L’Allemagne relance le débat sur la fin des moteurs thermiques en 2035. En pleine crise industrielle, Berlin réclame des assouplissements pour préserver son industrie automobile face à la concurrence chinoise et au ralentissement de la demande.
Berlin en ordre de bataille contre la fin du thermique
Friedrich Merz a convoqué en urgence un sommet automobile à Berlin. Objectif : obtenir un soutien politique contre l’interdiction de vente de voitures thermiques neuves en 2035, prévue par l’Union européenne. Autour de la table, constructeurs allemands, syndicats, fournisseurs et lobbyistes, tous frappés par une crise profonde. Le chancelier allemand veut désormais tout faire pour faire sauter ce calendrier jugé irréaliste, au nom de la survie industrielle du pays.
Une industrie allemande sous perfusion
Entre restructurations, plans sociaux et effondrement des bénéfices, l’automobile allemande ne tient plus que par des rustines. En un an, plus de 50 000 emplois ont disparu dans le secteur. Bosch prévoit encore 13 000 suppressions d’ici 2030. Porsche relance en catastrophe ses moteurs thermiques après l’échec commercial de la Taycan. Les ventes s’effondrent, la production nationale retombe au niveau de 2005. En ligne de mire : des coûts énergétiques en hausse, une demande mondiale en berne, des droits de douane américains et surtout, une concurrence chinoise plus agile et moins chère sur le segment électrique.
Bruxelles sommé de revoir sa copie
En coulisses, Berlin pousse pour une réforme du texte européen de 2023, qui impose la neutralité carbone aux véhicules neufs à partir de 2035. L’idée n’est plus de revenir en arrière, mais d’introduire des flexibilités : prolongateurs d’autonomie, hybrides rechargeables, carburants de synthèse… autant de technologies que l’exécutif allemand veut voir prolongées au-delà de l’échéance. Une position qui divise la coalition au pouvoir, en particulier avec les sociaux-démocrates, traditionnellement plus favorables à l’électrique pur.
Bruxelles temporise
La Commission européenne, déjà sous pression, pourrait céder partiellement. Des assouplissements sont sur la table : délais supplémentaires pour les hybrides, soutien aux flottes d’entreprise électriques, prise en compte de carburants alternatifs… Ursula von der Leyen tente de maintenir la date de 2035, mais l’hostilité croissante de plusieurs capitales européennes, combinée à la poussée des partis conservateurs, complique la donne. Le Conseil européen du 23 octobre pourrait être décisif.

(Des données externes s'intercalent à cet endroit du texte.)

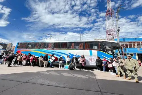 El sector Defensa, a través del Ejército del Perú, logró que 33 connacionales fueran repatriados desde el distrito fronterizo de Desaguadero hasta la ciudad de Juliaca, región Puno, tras permanecer cerca de cinco días varados en territorio boliviano como consecuencia de los bloqueos de carreteras registrados en ese país.

Le retour en force des EREV
L’un des arguments phares de Berlin concerne les EREV (véhicules électriques à prolongateur d’autonomie). Ces modèles, équipés d’un petit moteur thermique pour recharger la batterie, seraient selon Merz une alternative pragmatique. Mais les ONG environnementales tempèrent : un EREV consomme autant qu’un SUV thermique quand la batterie est vide. Promouvoir cette technologie reviendrait à créer une nouvelle dépendance industrielle.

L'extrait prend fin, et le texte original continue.